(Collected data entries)
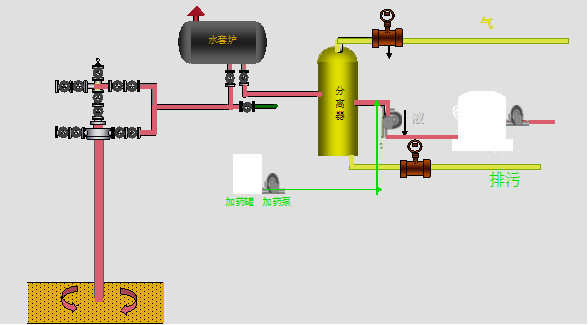 原油脫硫一般采取直接注入原油中, 在三相分離器后加藥,設(shè)備需要一臺(tái)注入泵和一個(gè)分散器或霧化器裝在管道中央。上游的注入點(diǎn)和下游的接受器之間要有足夠的距離,以確保有充足的反應(yīng)時(shí)間,處理后原油逸出H2S的指標(biāo)低于10PPm以下。生成產(chǎn)物一般為多硫化合物鹽,性能穩(wěn)定,經(jīng)過聯(lián)合站破乳脫水后,隨污水排出。工藝流程如圖下:
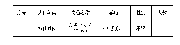 因學校實際用人需求,現(xiàn)招聘總務處文員(采購崗)1名。
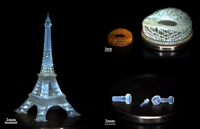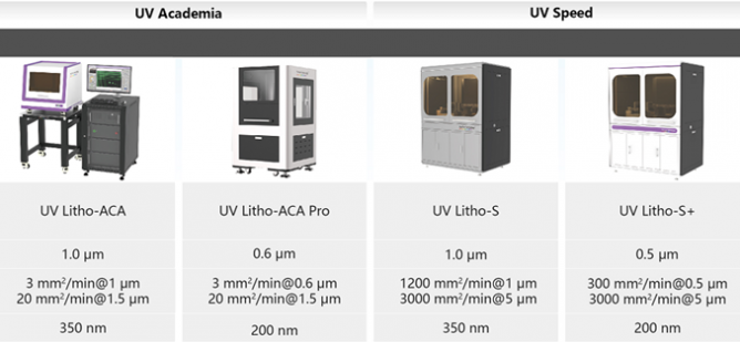 3D光刻的速度主要取決于單個(gè)切片光刻所需的速度與切片層數(shù)。采用高亮度LED光源,甚至是高亮度激光光源,結(jié)合高品質(zhì)的光學(xué)系統(tǒng),單層切片光刻速度得以達(dá)到領(lǐng)先水平,同一臺(tái)設(shè)備,可實(shí)現(xiàn)1 μm, 2 μm, 5 μm, 10 μm, 20 μm 的多種加工精度。
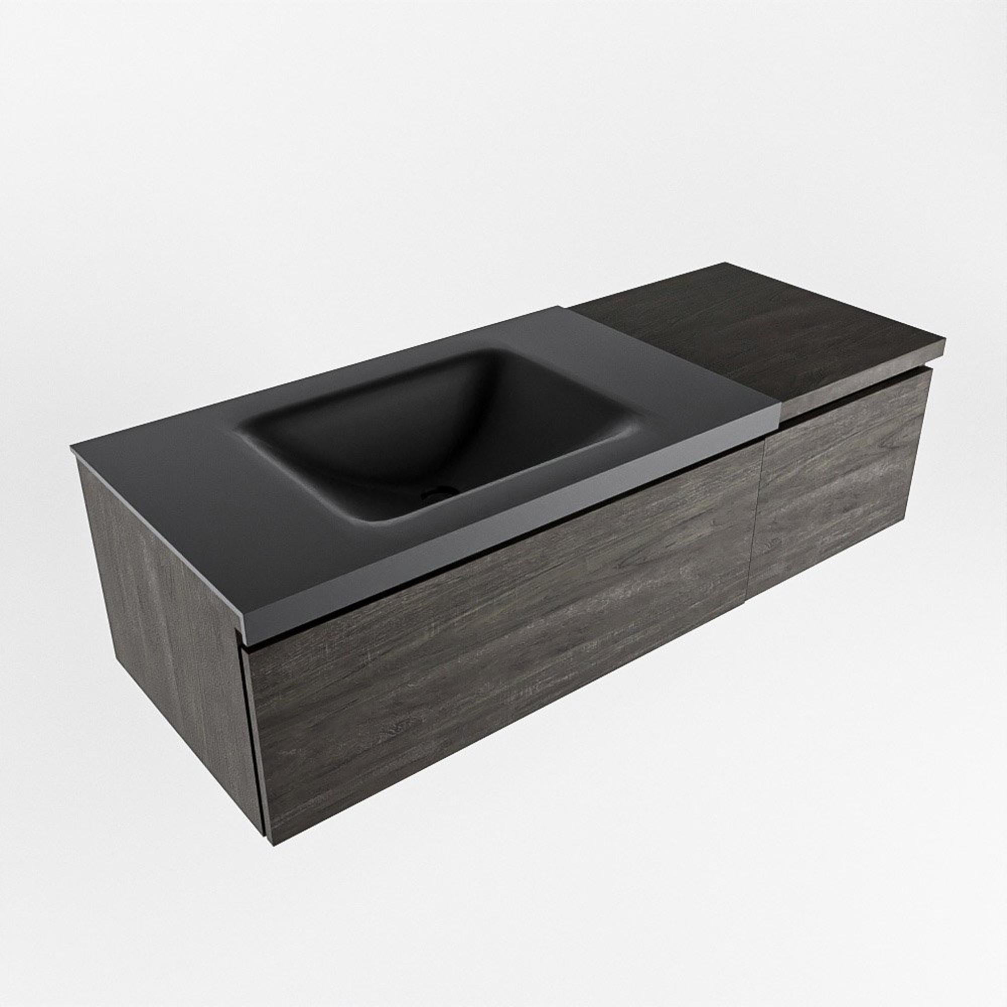 MONDIAZ BUKLA 120cm badmeubel met module 40 kleur Dark Brown met 2 lades. Wastafel CLOUD links 1 kraangat kleur Urban.
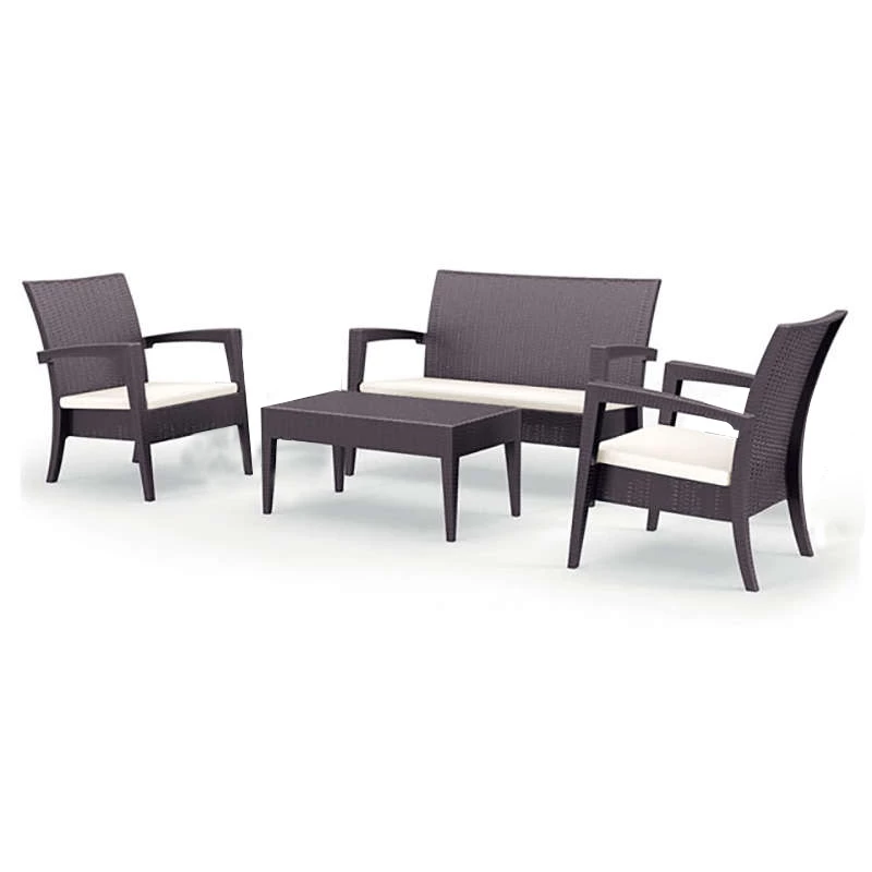 Σετ σαλονιού MIAMI του οίκου Siesta σε χρώμα brown,από υψηλής ποιότητας πολυπροπυλένιο με ενίσχυση από υαλώδεις ίνες (fiber glass) για απόλυτη αντοχή. Χωρίς μεταλλικό σκελετό για μεγαλύτερη αξιοπιστία στον χρόνο. Είναι στοιβαζόμενο και διαθέτει UV protection για μέγιστη προστασία από τον ήλιο ώστε να μην αλλοιωθούν τα χρώματα.Διατίθενται και μαξιλάρια.Κατάλληλο για εσωτερική και εξωτερική χρήση.Πιστοποιημένο προιόν από τον Ιταλικό οίκο CATAS.>128Χ77Χ89/72Χ76Χ89/92Χ53Χ43εκ.>ΠΟΛΥΠΡΟΠΥΛΕΝΙΟ>ΚΑΦΕ
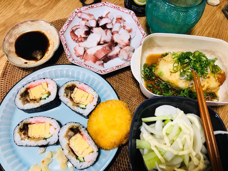こんばんは、小倉は星明かりです。今日の家呑みは、先日買ったタコの刺身、半額で買った巻き寿司、豆腐の魚ロッケ、しらすと細ねぎをトッピングした揚げ出しとうふ、タマネギとキュウリの酢の物とレモン酎ハイでした。素敵な木曜日となりますように記事にビビっときたらワンクリックお願いします!♪!!アダルトトラックバックやコメントはやめてください!!
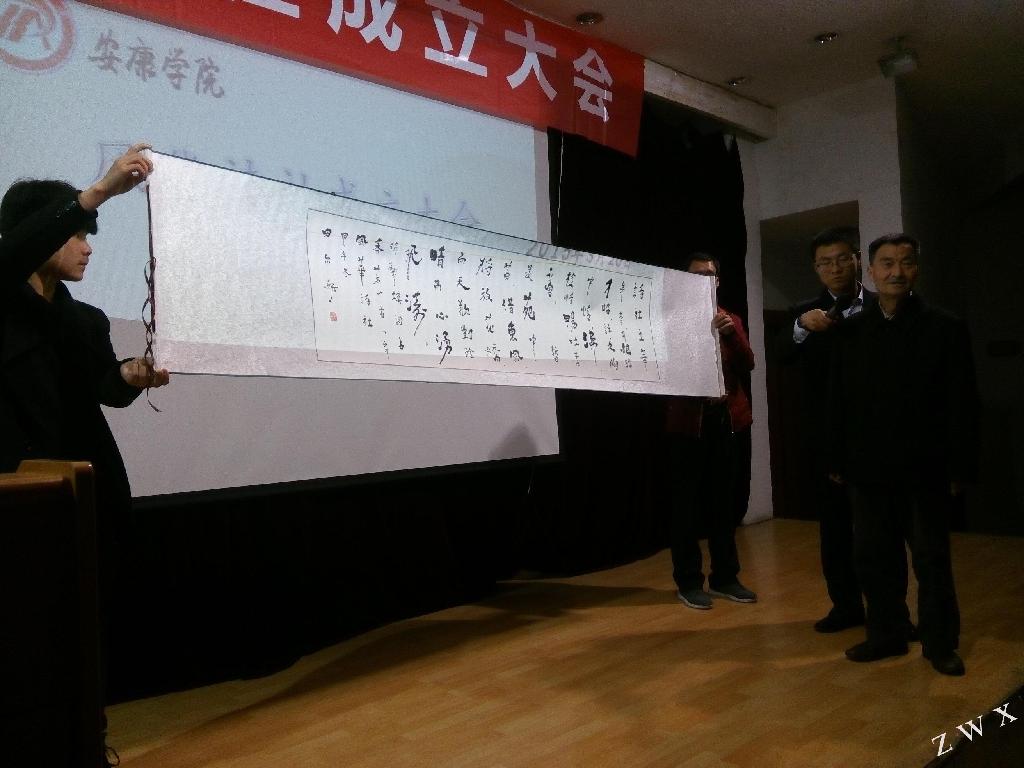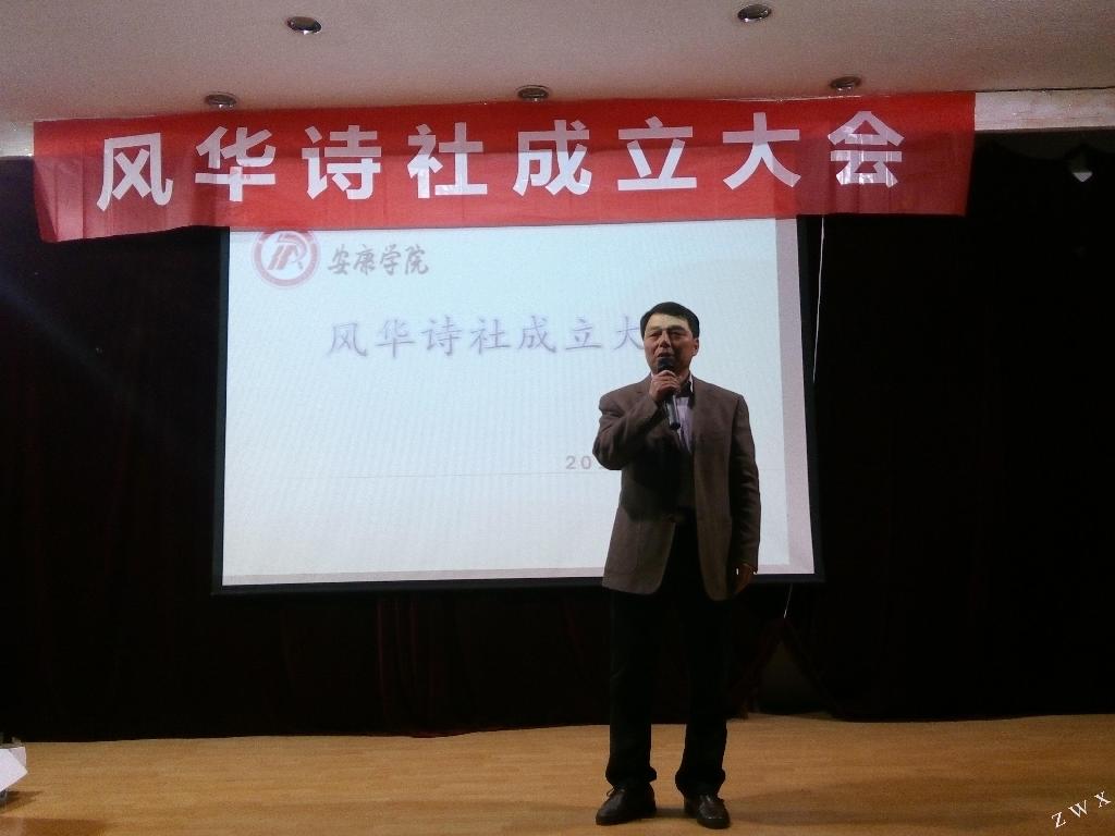 社团成立大会得到了学校、中文系的大力支持,也得到了安康市诗词协会的友情协助。与会的领导有:校党委副书记胡鸿晓,安康市文艺评论家协会名誉主席田尔斯老师,校团委副书记肖红香,中文系党总支书记李岩,中文系副主任梁卫华等。
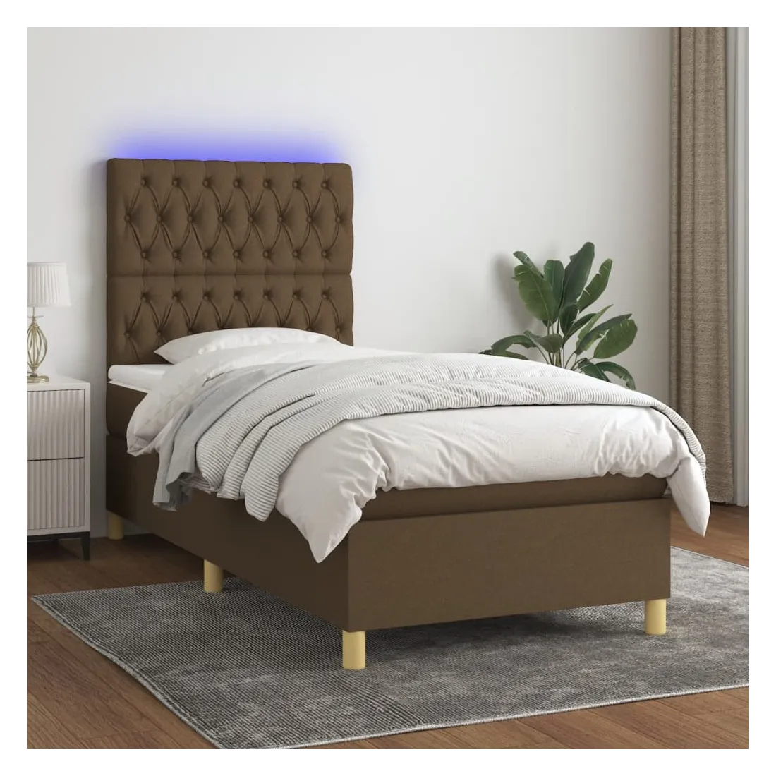 Sommier à lattes de lit matelas et LED Marron foncé 100x200 cm
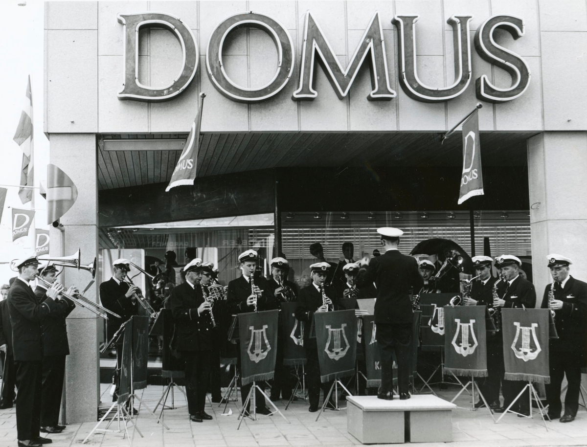 Musikkåren Lyran spelar vid invigningen av Domusvaruhuset på Storgatan, den 10 september 1964.
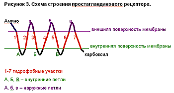 В настоящее время практически расшифрована структура некоторых простагландиновых рецепторов. Существование классов простагландиновых рецепторов обусловлено различным аминокислотным составом белковой молекулы. Однако их расположение в клеточной мембране сходно (рис. 3.). Они состоят из семи гидрофобных сегментов, которые погружены в клеточную мембрану. Молекула белка, образующего рецептор, имеет три петли, которые находятся на наружной поверхности клеточной мембраны, и три петли на внутренней поверхности мембраны. Один конец белковой молекулы, содержащий аминогруппу, находится на поверхности клетки, а другой конец, содержащий карбоксильную группу, находится во внутриклеточном пространстве.
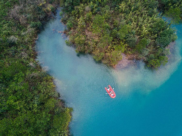 浙江湖州市吴兴区妙西镇专职巡护员乘船清理霞幕山水库的漂浮物(2017年3月29日摄)。建设生态文明是中华民族永续发展的千年大计。一个天蓝、地净、水清的美丽中国,是全国人民的共同期盼。五年来,我国生态环境状况明显好转,推进生态文明建设决心之大、力度之大、成效之大前所未有,大气、水、土壤污染防治行动成效明显。美丽中国建设正在谱写出新篇章。新华社记者徐昱摄

## WHAT YOU ARE ASKED TO DO
Set down the records again verbatim, with no pictures.

## EXERCISE RESPONSE
 原油脫硫一般采取直接注入原油中, 在三相分離器后加藥,設(shè)備需要一臺(tái)注入泵和一個(gè)分散器或霧化器裝在管道中央。上游的注入點(diǎn)和下游的接受器之間要有足夠的距離,以確保有充足的反應(yīng)時(shí)間,處理后原油逸出H2S的指標(biāo)低于10PPm以下。生成產(chǎn)物一般為多硫化合物鹽,性能穩(wěn)定,經(jīng)過聯(lián)合站破乳脫水后,隨污水排出。工藝流程如圖下:
 因學校實際用人需求,現(xiàn)招聘總務處文員(采購崗)1名。
 3D光刻的速度主要取決于單個(gè)切片光刻所需的速度與切片層數(shù)。采用高亮度LED光源,甚至是高亮度激光光源,結(jié)合高品質(zhì)的光學(xué)系統(tǒng),單層切片光刻速度得以達(dá)到領(lǐng)先水平,同一臺(tái)設(shè)備,可實(shí)現(xiàn)1 μm, 2 μm, 5 μm, 10 μm, 20 μm 的多種加工精度。
 MONDIAZ BUKLA 120cm badmeubel met module 40 kleur Dark Brown met 2 lades. Wastafel CLOUD links 1 kraangat kleur Urban.
 Σετ σαλονιού MIAMI του οίκου Siesta σε χρώμα brown,από υψηλής ποιότητας πολυπροπυλένιο με ενίσχυση από υαλώδεις ίνες (fiber glass) για απόλυτη αντοχή. Χωρίς μεταλλικό σκελετό για μεγαλύτερη αξιοπιστία στον χρόνο. Είναι στοιβαζόμενο και διαθέτει UV protection για μέγιστη προστασία από τον ήλιο ώστε να μην αλλοιωθούν τα χρώματα.Διατίθενται και μαξιλάρια.Κατάλληλο για εσωτερική και εξωτερική χρήση.Πιστοποιημένο προιόν από τον Ιταλικό οίκο CATAS.>128Χ77Χ89/72Χ76Χ89/92Χ53Χ43εκ.>ΠΟΛΥΠΡΟΠΥΛΕΝΙΟ>ΚΑΦΕ
こんばんは、小倉は星明かりです。今日の家呑みは、先日買ったタコの刺身、半額で買った巻き寿司、豆腐の魚ロッケ、しらすと細ねぎをトッピングした揚げ出しとうふ、タマネギとキュウリの酢の物とレモン酎ハイでした。素敵な木曜日となりますように記事にビビっときたらワンクリックお願いします!♪!!アダルトトラックバックやコメントはやめてください!!
 社团成立大会得到了学校、中文系的大力支持,也得到了安康市诗词协会的友情协助。与会的领导有:校党委副书记胡鸿晓,安康市文艺评论家协会名誉主席田尔斯老师,校团委副书记肖红香,中文系党总支书记李岩,中文系副主任梁卫华等。
 Sommier à lattes de lit matelas et LED Marron foncé 100x200 cm
 Musikkåren Lyran spelar vid invigningen av Domusvaruhuset på Storgatan, den 10 september 1964.
 В настоящее время практически расшифрована структура некоторых простагландиновых рецепторов. Существование классов простагландиновых рецепторов обусловлено различным аминокислотным составом белковой молекулы. Однако их расположение в клеточной мембране сходно (рис. 3.). Они состоят из семи гидрофобных сегментов, которые погружены в клеточную мембрану. Молекула белка, образующего рецептор, имеет три петли, которые находятся на наружной поверхности клеточной мембраны, и три петли на внутренней поверхности мембраны. Один конец белковой молекулы, содержащий аминогруппу, находится на поверхности клетки, а другой конец, содержащий карбоксильную группу, находится во внутриклеточном пространстве.
 浙江湖州市吴兴区妙西镇专职巡护员乘船清理霞幕山水库的漂浮物(2017年3月29日摄)。建设生态文明是中华民族永续发展的千年大计。一个天蓝、地净、水清的美丽中国,是全国人民的共同期盼。五年来,我国生态环境状况明显好转,推进生态文明建设决心之大、力度之大、成效之大前所未有,大气、水、土壤污染防治行动成效明显。美丽中国建设正在谱写出新篇章。新华社记者徐昱摄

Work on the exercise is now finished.